His Blog

His Blog

Sunday, October 7, 2012

General Conference

Great week-end! I always look forward to General Conference. I'm never disappointed. This time was the first time ever that our whole family watched all four sessions in the same room. Occasionally, we have been in different rooms for multiple reasons. I like to be upstairs, a couple of the kids like to be downstairs because the screen is bigger, the kids will switch around because it seems to give them more to think about, it gives us a chance to 'divide and conquer'. This time, we did have a bigger screen upstairs. (We actually have a flat screen now...I'm sure it's the smallest size possible.) It's an improvement over the tiny screen TV we used to have in the front room. (It's quite probable that it's the size some people use in their vehicles to entertain children sitting in the back.)
So, we now have a larger screen, comfortable couches and kids that can actually sit still the whole time. (Or, at least most of the whole time.) They did a great job. I was so impressed.
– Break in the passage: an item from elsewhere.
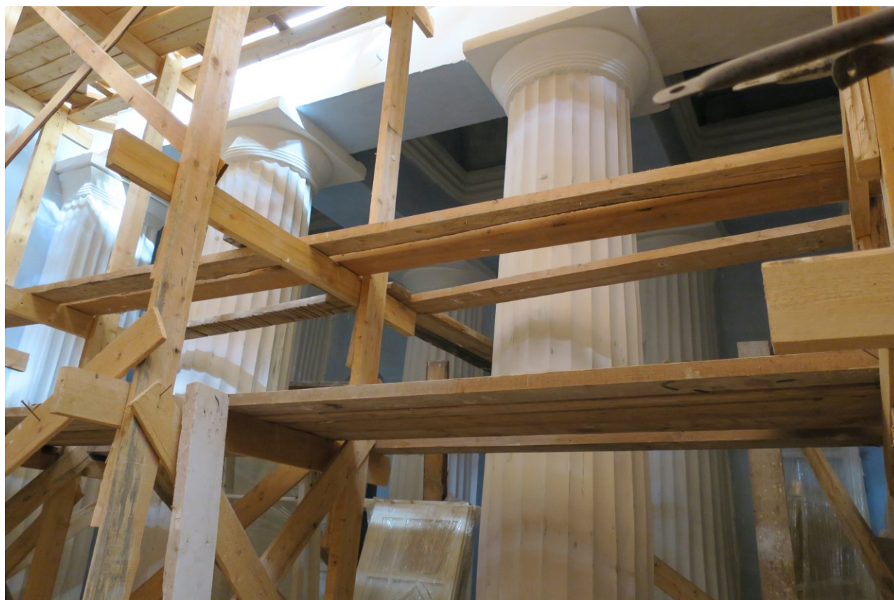
Фото 8. Колонны в верхнем храме
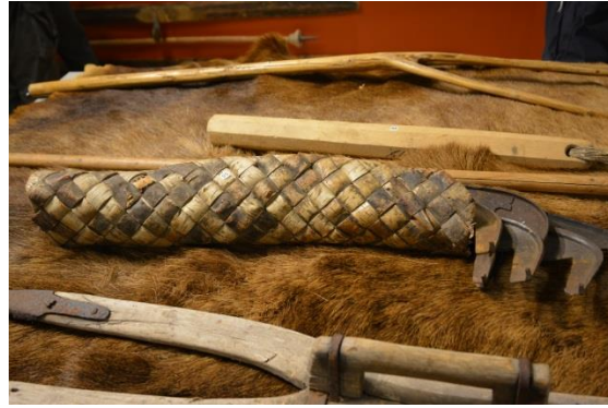
Föremål från Finnskogsmuseet

I don't think any of them even thought about the items that we used to use to entertain them. If they thought about it, no one said anything. Layne thanked them tonight and mentioned a couple of things I used to get out for them. They all said they had forgotten. (I'm going to continue to pretend that they loved it when I did those things. The effort was worth it. Right?) I think the only thing they would have changed is to have candy while they watched. But, they're always looking for an excuse on that one. Candy in the front room? Are you kidding me? They know better. (At least while Mom is watching.)
Jonny went to the Priesthood session for the first time. It was a great experience for him. It was fun to talk with them after they got back. The girls and I had a lovely evening all on our own. The first time...and, luckily not the last. I'm looking forward to having it be a special time just for us. We talked about the conference also. I almost didn't ask. I finally did while they were eating (late, of course). I'm so glad I did. They both talked about what they liked about it, how they felt and all on their own identified that they had felt the Holy Ghost and liked feeling the Spirit. My hope is that we can continue to provide opportunities for them to feel and recognize the Spirit. They will be so much more prepared for what is to come in the future if they can feel confident in their ability to recognize how He speaks to them. Their response will be so much quicker - they will be able to move into action instead of wondering what to do next because they're not sure about what they just felt/thought. I will always remember spending the evening with my girls. (We had other adventures too...like walking to the park, visiting the ducks, talking, having exactly what they wanted for dinner - because they had such a simple request and sharing laughs...and certainly, feeling the Spirit in our home and in ourselves.)
There were some great messages and I truly benefitted from all of the messages and music. Layne asked if there was a 'living with trials' thing going on. I noticed a few talks that spoke about death and losing loved ones...just a couple of tissues on some of those. I love the feeling that's in our home right now. We'll see how long it lasts into tomorrow.

Saturday, October 6, 2012

Newest Development

We have more news. This time it was not about Layne's cancer...it was about his work.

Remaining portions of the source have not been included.